■ ACTION ITEM
Below is a listing; retype exactly the lines between the one containing "площадок. За три мес" and the one containing "- Cute Pom-Pom", inclusive, minus the pictures.

■ THE DATA
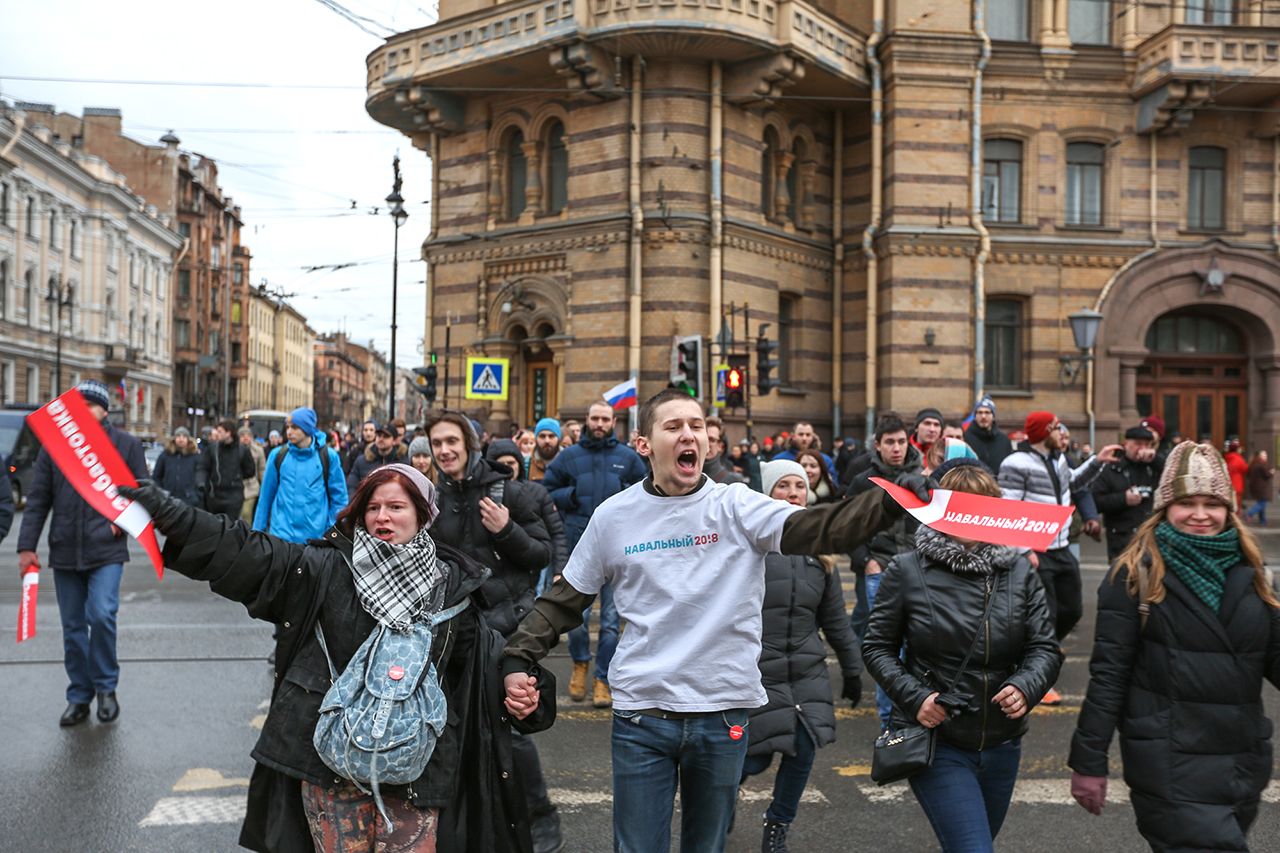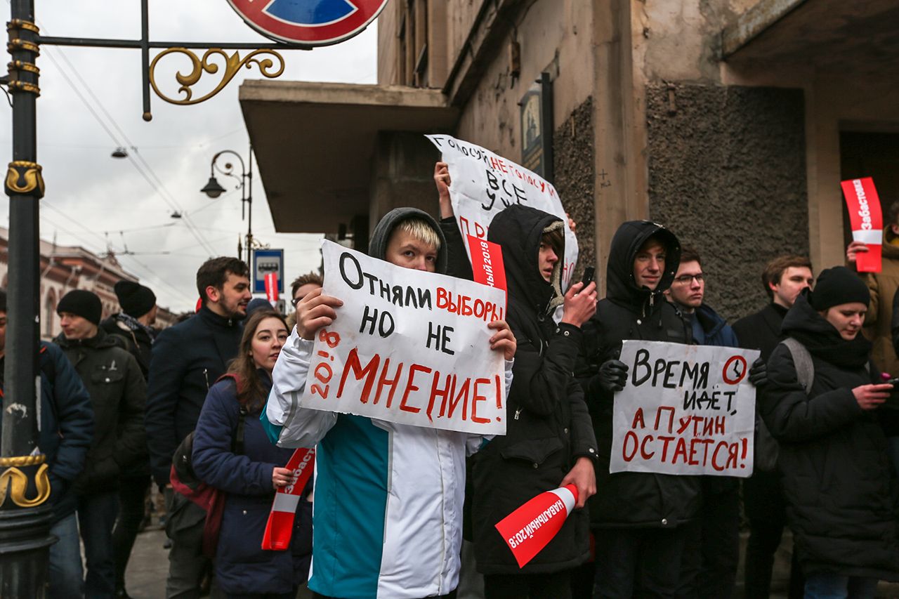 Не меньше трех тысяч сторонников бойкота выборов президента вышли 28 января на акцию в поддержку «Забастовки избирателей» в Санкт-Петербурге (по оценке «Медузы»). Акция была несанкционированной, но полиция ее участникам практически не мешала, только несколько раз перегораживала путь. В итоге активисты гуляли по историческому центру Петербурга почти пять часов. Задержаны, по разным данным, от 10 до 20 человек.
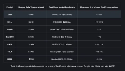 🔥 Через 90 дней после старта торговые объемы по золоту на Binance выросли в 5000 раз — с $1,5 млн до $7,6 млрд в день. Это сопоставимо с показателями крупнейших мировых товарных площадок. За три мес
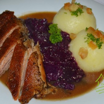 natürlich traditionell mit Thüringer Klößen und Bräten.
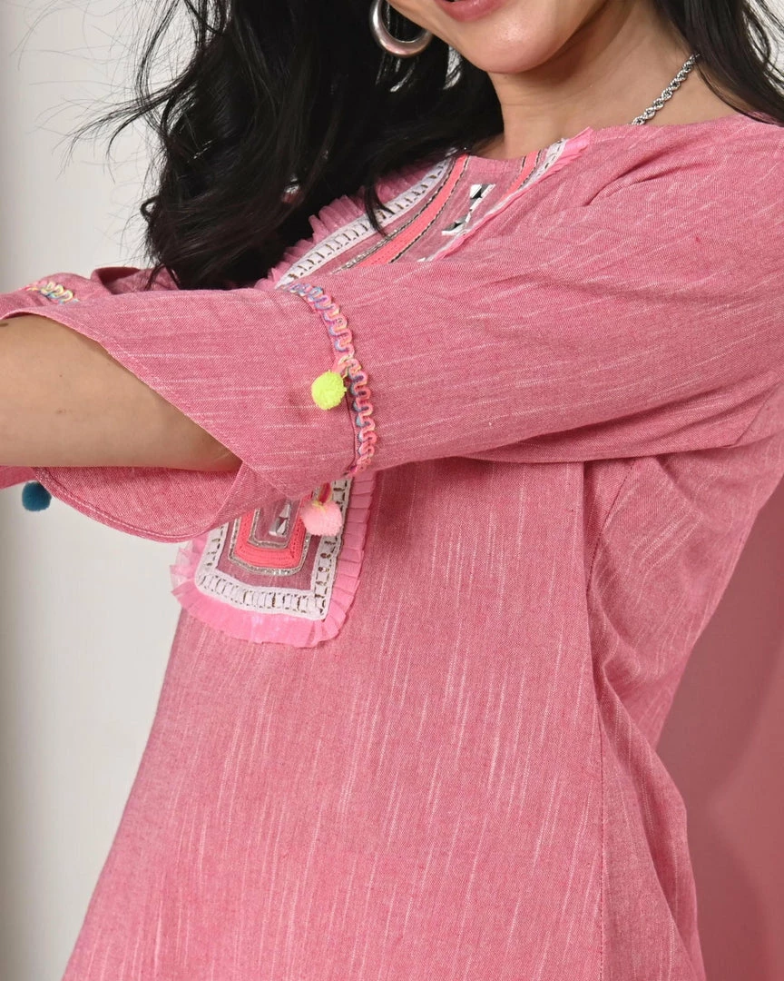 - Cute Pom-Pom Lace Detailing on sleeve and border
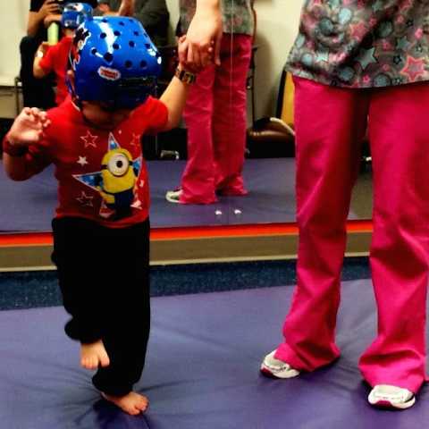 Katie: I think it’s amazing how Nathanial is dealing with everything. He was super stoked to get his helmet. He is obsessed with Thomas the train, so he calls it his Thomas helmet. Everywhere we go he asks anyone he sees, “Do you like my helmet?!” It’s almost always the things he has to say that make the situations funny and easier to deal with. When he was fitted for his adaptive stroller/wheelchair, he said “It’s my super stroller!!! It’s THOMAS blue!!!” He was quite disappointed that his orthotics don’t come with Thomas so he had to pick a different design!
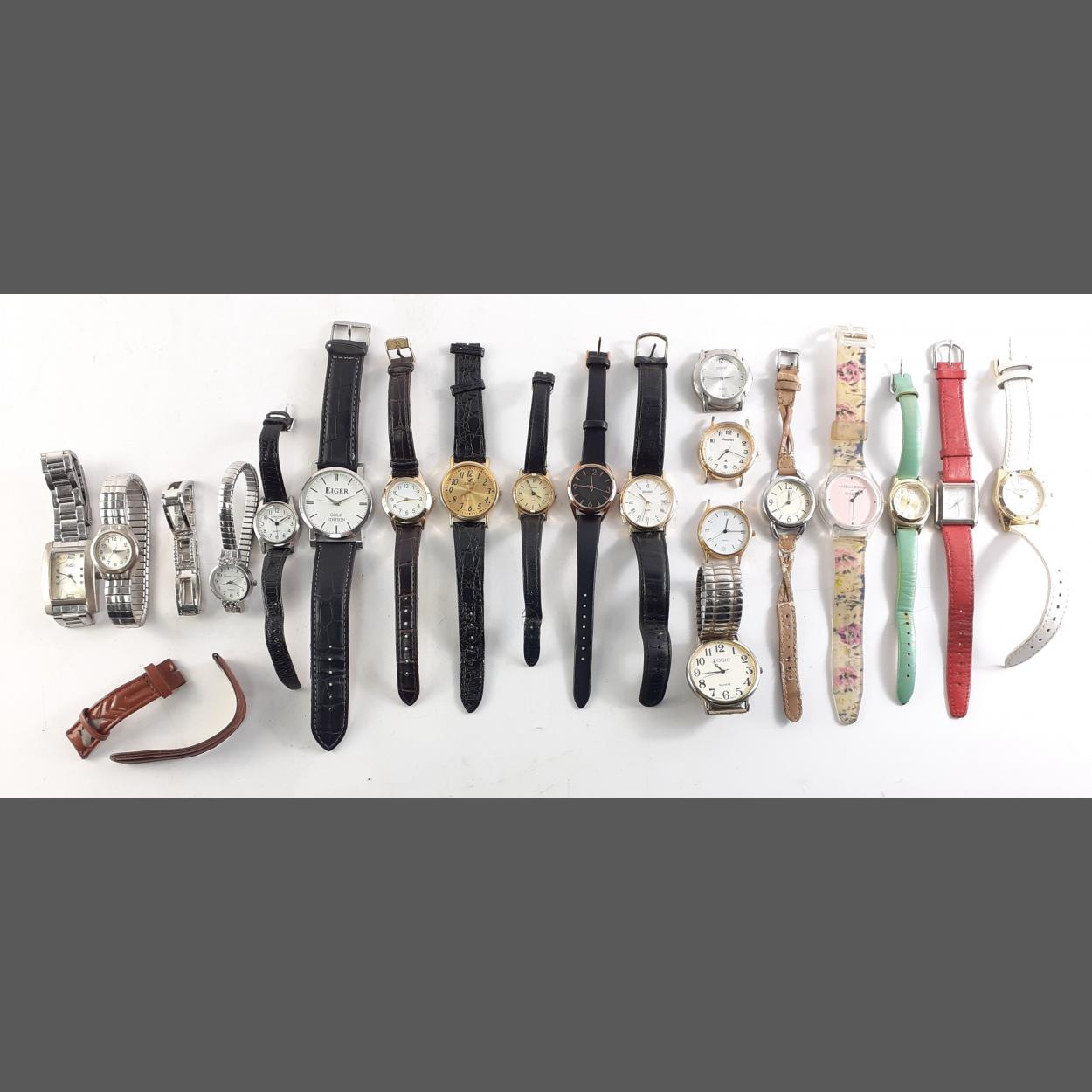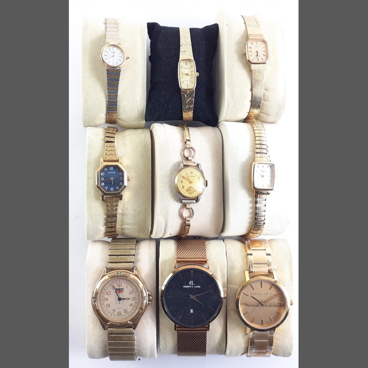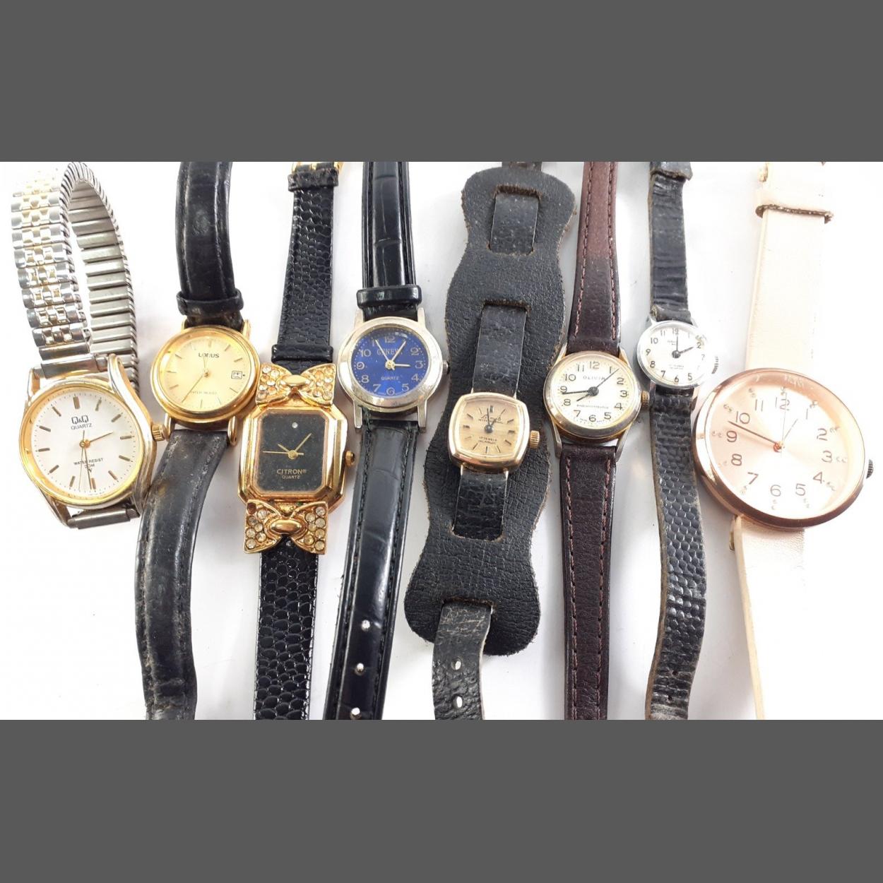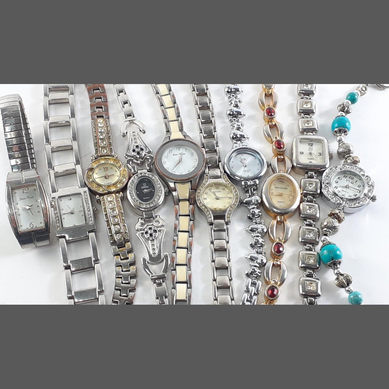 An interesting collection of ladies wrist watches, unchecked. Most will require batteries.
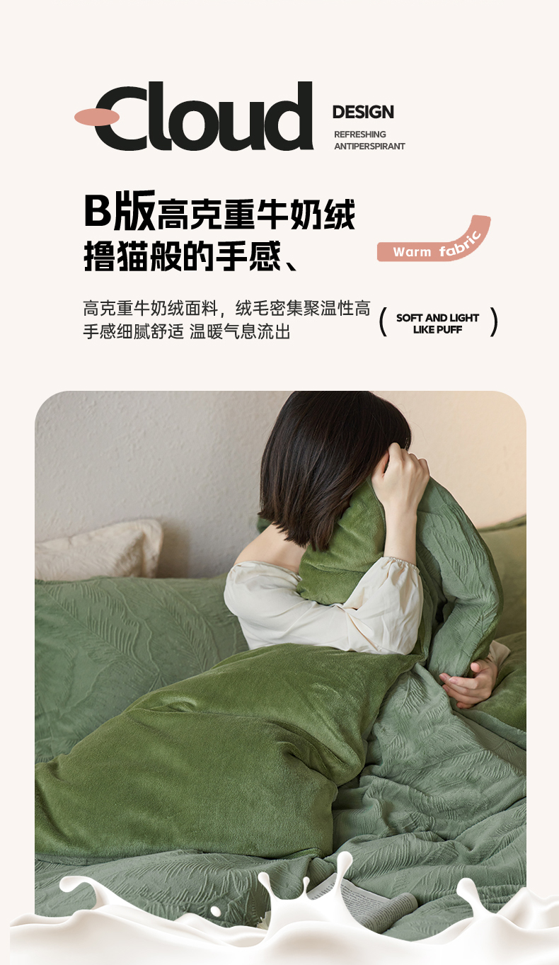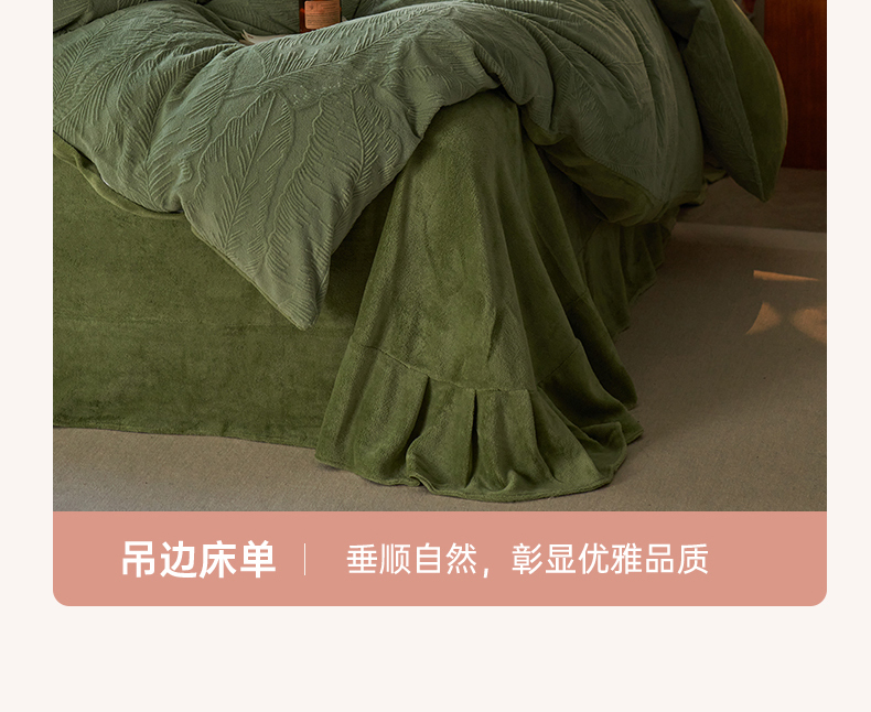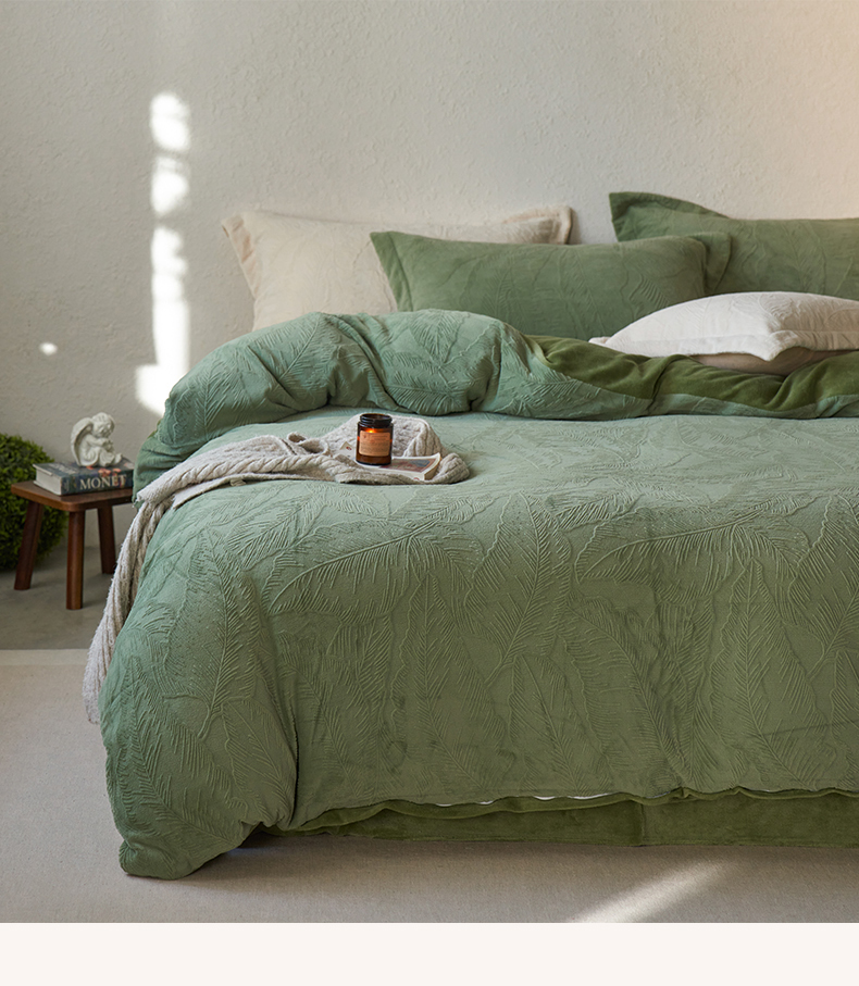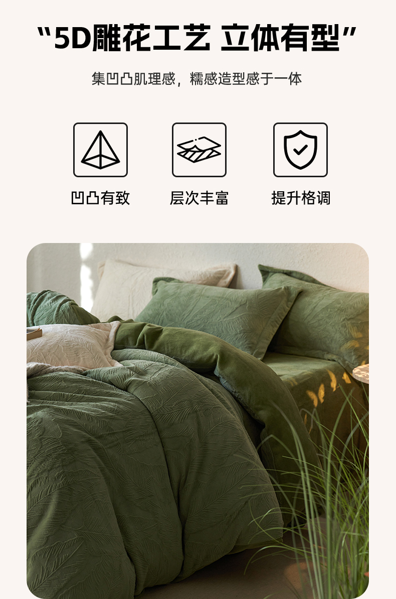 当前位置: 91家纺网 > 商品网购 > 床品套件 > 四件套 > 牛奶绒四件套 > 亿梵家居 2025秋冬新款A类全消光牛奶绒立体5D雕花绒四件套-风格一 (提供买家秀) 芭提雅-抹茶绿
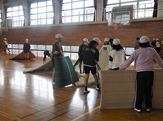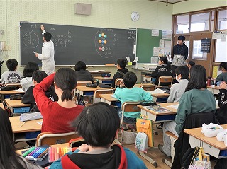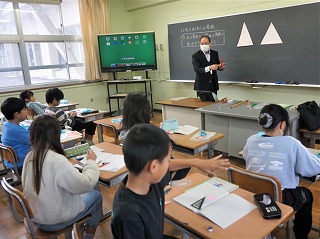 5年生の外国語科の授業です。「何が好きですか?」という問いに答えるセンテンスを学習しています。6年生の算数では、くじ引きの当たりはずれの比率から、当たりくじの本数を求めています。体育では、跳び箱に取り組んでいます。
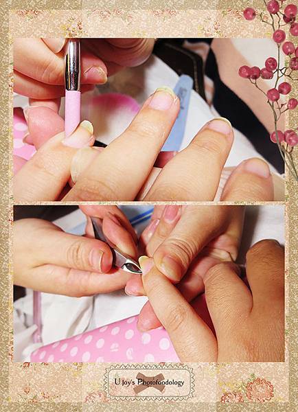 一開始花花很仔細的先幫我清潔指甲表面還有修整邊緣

■ OUTPUT OF THE EXERCISE
 🔥 Через 90 дней после старта торговые объемы по золоту на Binance выросли в 5000 раз — с $1,5 млн до $7,6 млрд в день. Это сопоставимо с показателями крупнейших мировых товарных площадок. За три мес
 natürlich traditionell mit Thüringer Klößen und Bräten.
 - Cute Pom-Pom Lace Detailing on sleeve and border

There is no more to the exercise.